▶ _Work order_
Return only the lines below starting at the line containing "Cepelinai - mashed" and ending at the line containing "Multi-mode OM2 duplex", both included, exactly as they are and with no pictures.

═══ Entries supplied ═══

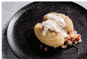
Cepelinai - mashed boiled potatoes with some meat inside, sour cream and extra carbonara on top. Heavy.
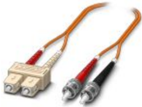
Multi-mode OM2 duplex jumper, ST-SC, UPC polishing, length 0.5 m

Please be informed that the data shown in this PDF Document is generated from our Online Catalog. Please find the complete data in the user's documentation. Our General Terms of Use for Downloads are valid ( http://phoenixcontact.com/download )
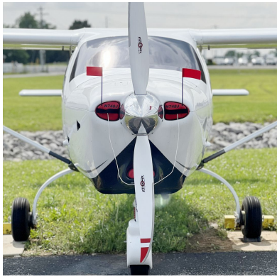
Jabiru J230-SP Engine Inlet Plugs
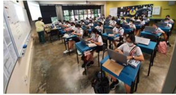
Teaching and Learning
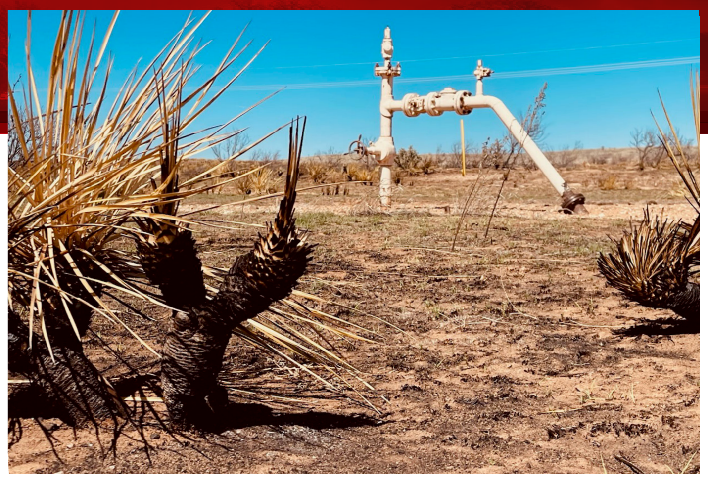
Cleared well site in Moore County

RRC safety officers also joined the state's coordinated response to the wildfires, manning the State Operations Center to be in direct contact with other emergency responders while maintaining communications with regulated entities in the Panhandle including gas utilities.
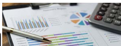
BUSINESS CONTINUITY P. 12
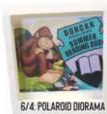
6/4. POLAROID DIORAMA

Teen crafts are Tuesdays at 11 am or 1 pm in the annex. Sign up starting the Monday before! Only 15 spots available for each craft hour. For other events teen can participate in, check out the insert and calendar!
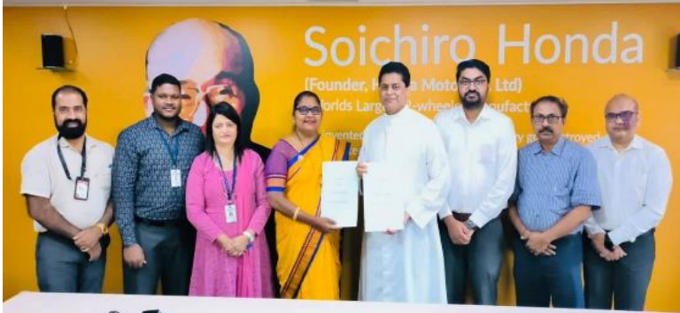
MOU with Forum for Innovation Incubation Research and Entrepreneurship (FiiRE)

═══
═══ Entries supplied ═══

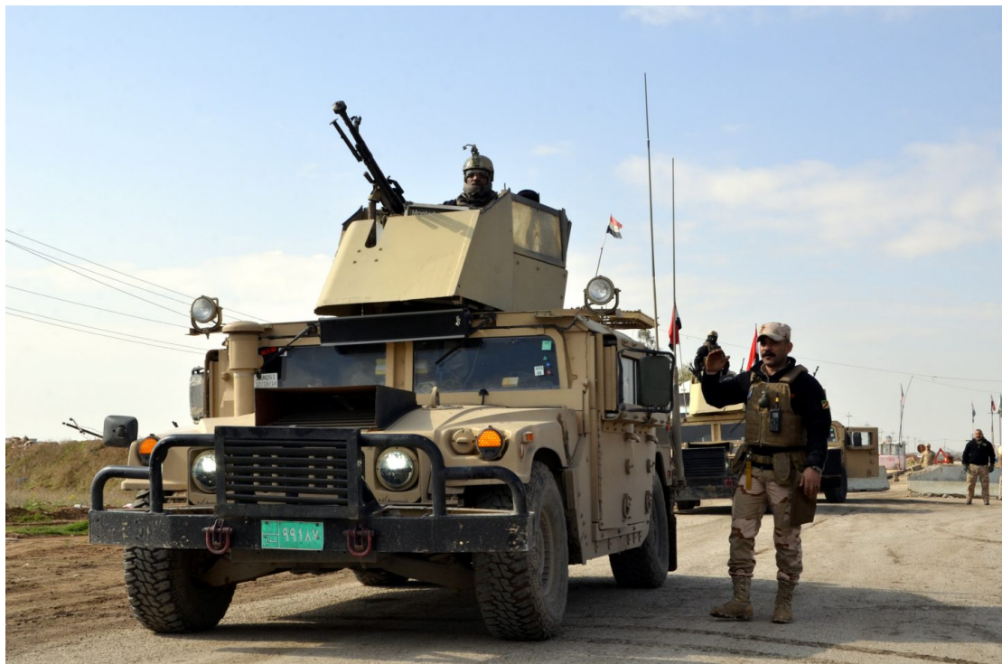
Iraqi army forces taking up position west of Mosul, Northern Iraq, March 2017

═══

▶ _Solution for this problem_
Cepelinai - mashed boiled potatoes with some meat inside, sour cream and extra carbonara on top. Heavy.
Multi-mode OM2 duplex jumper, ST-SC, UPC polishing, length 0.5 m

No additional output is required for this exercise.